Центральный образ романа мучительно и трудно прорезывается сквозь эти давнишние раздумья, неожиданно придавая им новую силу и резкую остроту.

Он вспомнил, как в ранней молодости, уже смущенный и как-то испуганный Петербургом, он в один зимний вечер над сверкающей равниной Невы неожиданно почувствовал себя художником, призванным изобразить пасмурные виды и угрюмых обитателей столичных кварталов. Не рыцари и не разбойники, а какие-то титулярные советники, сгорбленные чудаки канцелярий, мечтатели столичных чердаков, бледные, болезненные девушки, оскорбленные и грустные, с затаенными мечтами и сдавленными порывами внезапно предстали перед ним, глубоко волнуя и словно требуя от него воплощения. Он понял, что перед ним раскрывается целый путь, что он отдает всего себя на воссоздание этого хворого и хилого люда столичных трущоб. Сердце ширилось, и, казалось, он весь вырастал от этого томящего и упоительного осознавания себя творцом и художником, способным наново перестроить и уверенно видоизменить в своих страницах весь этот чахлый и пасмурный мир нищеты, отречений и горестей.

Тогда, над Невою, это было великое ожидание, надежда, устремление в будущее, порыв в неведомую, но полную радостей и высокого смысла жизнь.
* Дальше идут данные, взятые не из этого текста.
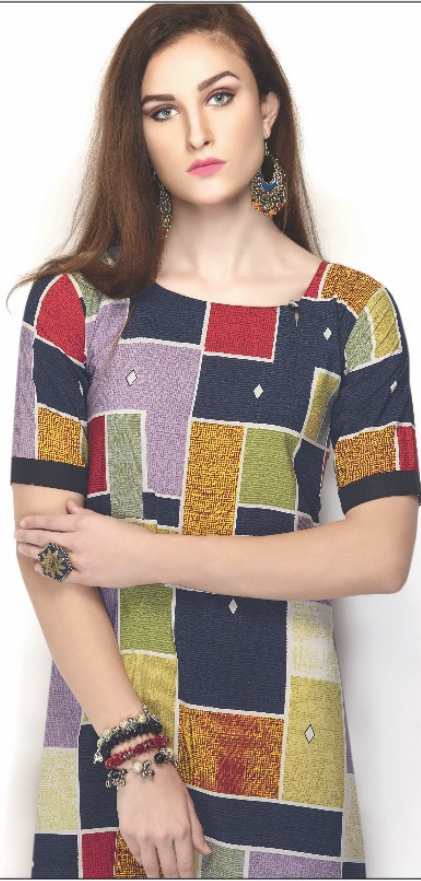
राष्ट्रिका SHADES V/140

Теперь оно рождалось, это творческое волнение, из разочарований, горечи, непоправимых обид. Но, как и тогда, оно снова звенело неистощимою силою, напрягало все существо, возносило мысль на высокие ледяные вершины, охватывало единым зорким взглядом всю запутанную и темную ткань бытия. Все прозревалось в ней до последних волокон и, насквозь озаренное, оживало в новом строе воссозданного им мира, бесконечно волнуя и томя душу. Возникали образы. Освежающие могучие мысли воплощались и становились силами. Кто это сказал, умирая, своему сыну: «Освежи меня великой мыслью»? Вот такие озаряющие и живоносные раздумья, преодолевающие великую предсмертную скорбь и чудесно облегчающие ужас смертельной агонии, поднимались в нем и мучительно искали живых и действенных форм. Недаром его карманные блокноты и кожаные тетради за последние дни заполнялись записями беспорядочными, текучими, как лава, уже обтекавшими хаос жизни своими неизгладимыми чертами.